In the post, Owen Sullivan, Software Development Manager at Workday, discusses how Workday raised their availability SLA from an already industry-leading 99.5% to 99.7%, and how one of the key drivers they see for delivering on this promise is efficient monitoring. As part of that, they recently added Prometheus to their monitoring infrastructure, gaining improved visibility into their service health with new metrics and alerts.
But as is always the case, while adding much-needed visibility and value to individuals and teams, these new metrics and alerts also added, in Owen’s words, “a firehose of data noise.” Owen continues to explain:
“ [these alerts] tended to stay around forever, even if they were added for a transient issue.

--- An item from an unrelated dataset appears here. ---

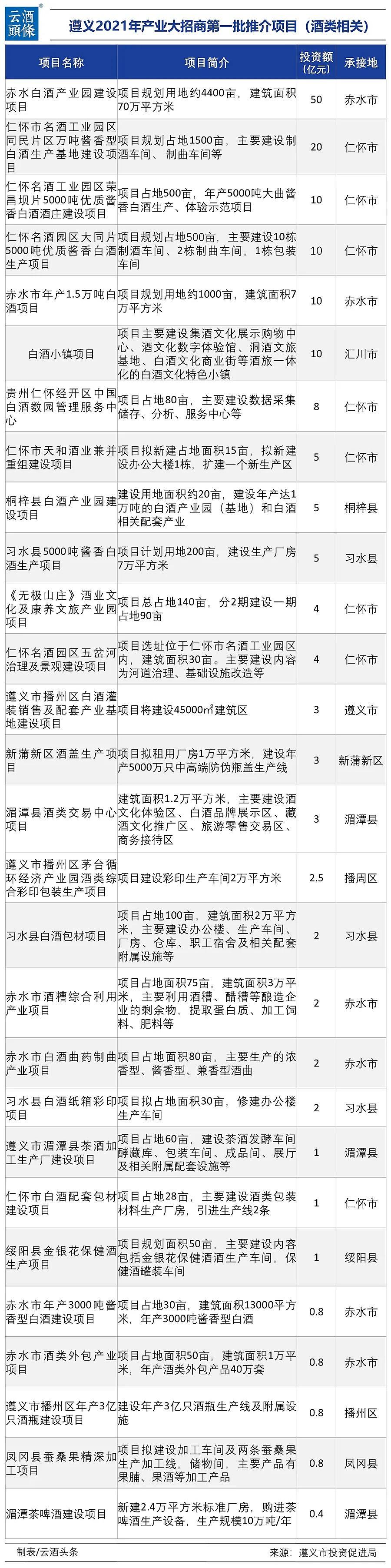 【中国白酒网】近日,《遵义2021年产业大招商第一批推介项目》发布,项目书中与酒类产业直接或间接相关的项目29个,总投资规模约167.1亿元,详细名单如下:

And at the same time, Workday keeps growing and advancing our product offering… The combined effect made it difficult to know which consoles to look at in emergent situations”.
So the first step they took to address this issue was… wait for it… deploying BigPanda!
“BigPanda uses machine learning to correlate alerts into insight-rich incidents and present them in a single pane of glass. This makes it easier to respond to, and resolve, problems in our infrastructure”.
Couldn’t have said it better myself.
I could go on – but I think it would be better to hear it straight from the source . It’s much more convincing…
And – you can take a peek at Owen’s new puppies!
Thanks Owen, for the mention. At BigPanda, we’re thrilled and honored to partner with you in your success.